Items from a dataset
= = =
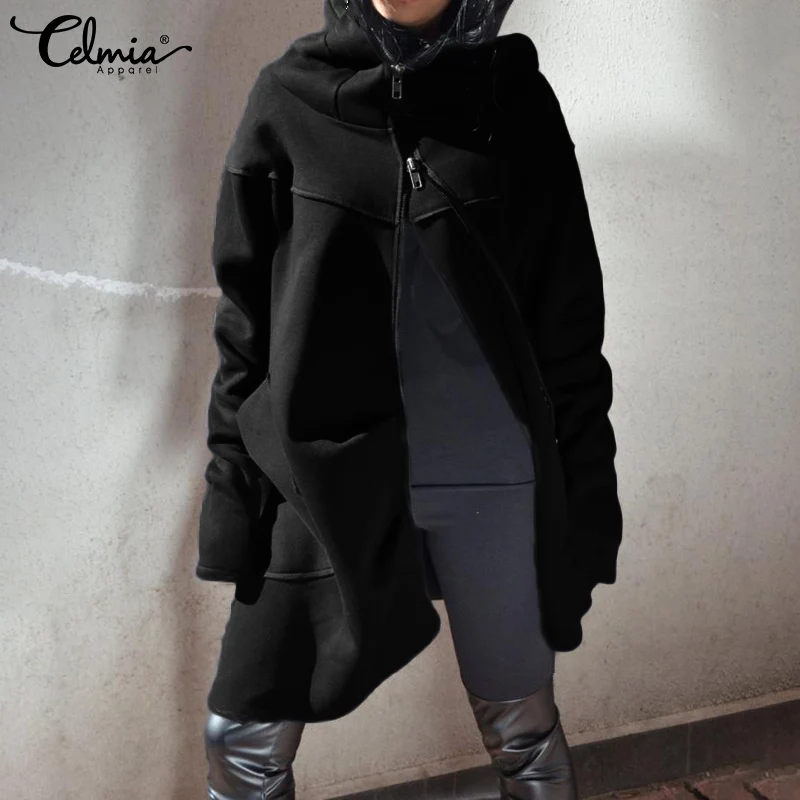 Пальто женское зимнее в стиле оверсайз, длинная куртка Celmia, повседневное свободное асимметричное худи на молнии, однотонный свитшот с капюшоном, осень 2021
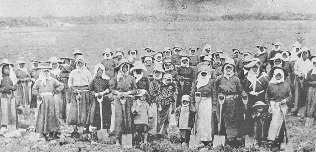 改めて綺麗な写真を眺めながら右側のたすき掛け姿の女性が気になりました。おそらくおんぶ紐で子どもを背負っての状況に見えます。この写真を見ながら私も小さいころ母親の背に背負われていたことを思い出しまた。昔の女性は赤子をおんぶしての仕事が普通でしたね。
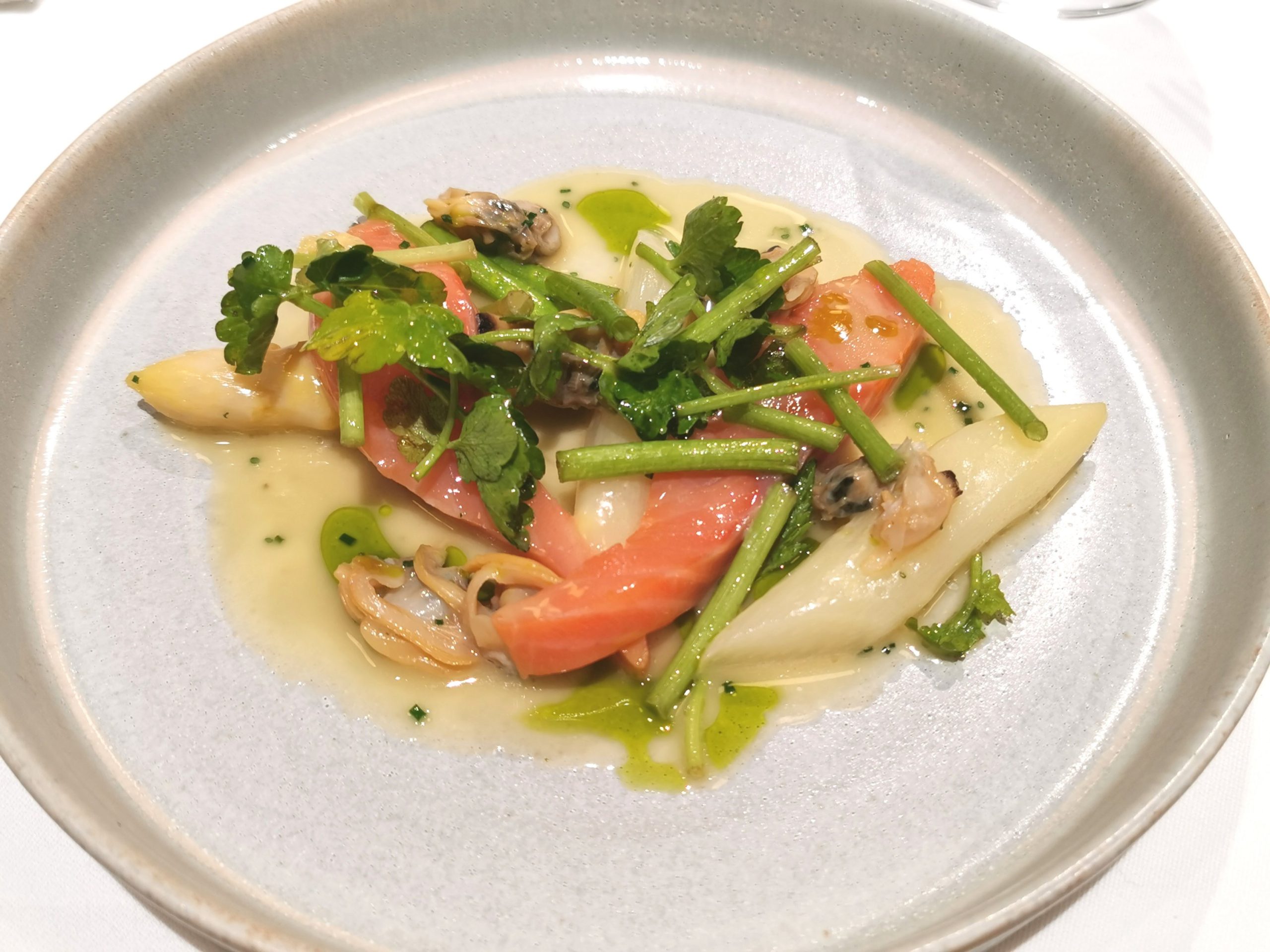 春を感じる食材と色合い、貝の旨味が際立つソース、そこにセリのさわやかさと、味の組み合わせのセンスも抜群。めちゃくちゃ好みの組み合わせでした。
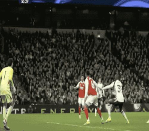 第36分鐘,薩卡形成單刀,維卡里奧出擊,用身體將球擋出。
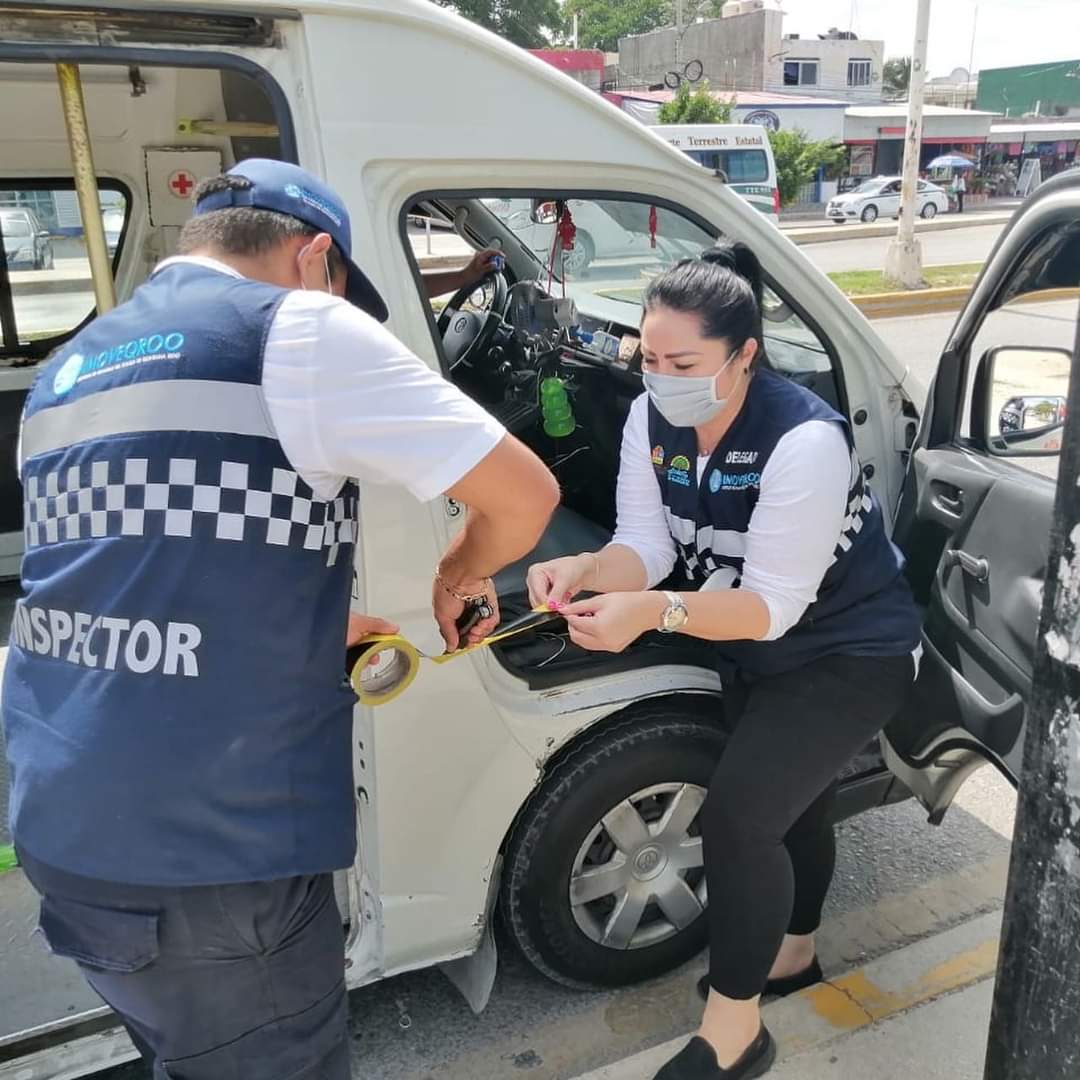 Cancún, Q. Roo, Domingo 16 de Agosto de 2020, poderycrítica.- El Instituto de Movilidad de Quintana Roo delegación Benito Juárez e Isla Mujeres, a cargo de Bibian Castillo, reforzó sus operativos de revisión en el transporte público, a fin de  checar que tanto el conductor como los pasajeros usen cubrebocas.
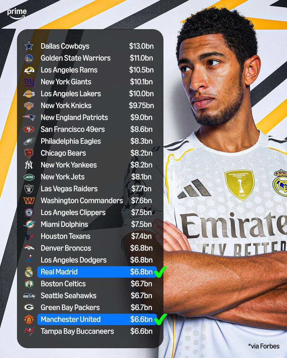 Топ-25 самых дорогих спортивных команд в мире за 2025 год по версии Forbes.
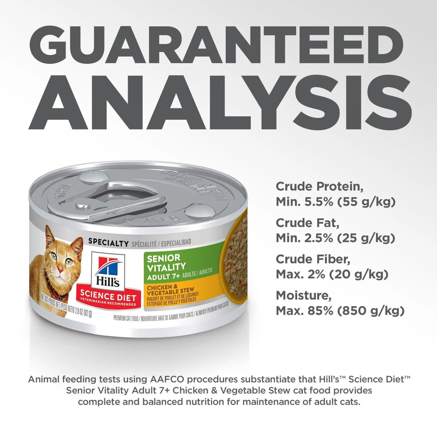 Help keep your cat feeling and acting young with the Hill’s Science Diet Adult 7+ Senior Vitality Chicken & Vegetable Stew Canned Cat Food. Because every moment you spend with your pet is special, this delicious stew recipe is packed with all kinds of youth-preserving goodness. Including powerful antioxidants for a healthy brain, as well as nutrients that support activity and an interest in playing, it’s all made with quality ingredients that are easy to digest. Plus, it’s recommended by veterinarians so you know you’re feeding your cat the very best.
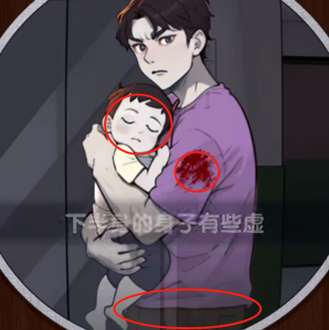 3、男人身上有血迹,小孩脸上没有血色,身体也有些虚。
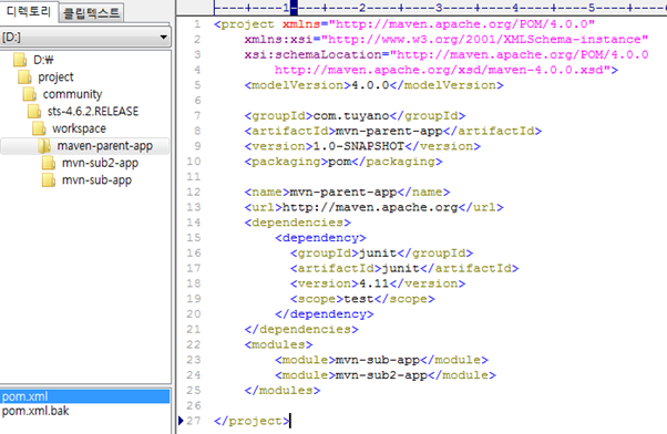 Maven-parent-app 디렉토리에 2개 이사의 프로젝트를 생성하고, pom.xml을 위와 같이 작성.
= = =
# Exercise aim:
Only the lines from the one containing "Help keep your" through the last line of the data above, both included, belong in the reply, each restated exactly and without pictures.

# Exercise result:
 Help keep your cat feeling and acting young with the Hill’s Science Diet Adult 7+ Senior Vitality Chicken & Vegetable Stew Canned Cat Food. Because every moment you spend with your pet is special, this delicious stew recipe is packed with all kinds of youth-preserving goodness. Including powerful antioxidants for a healthy brain, as well as nutrients that support activity and an interest in playing, it’s all made with quality ingredients that are easy to digest. Plus, it’s recommended by veterinarians so you know you’re feeding your cat the very best.
 3、男人身上有血迹,小孩脸上没有血色,身体也有些虚。
 Maven-parent-app 디렉토리에 2개 이사의 프로젝트를 생성하고, pom.xml을 위와 같이 작성.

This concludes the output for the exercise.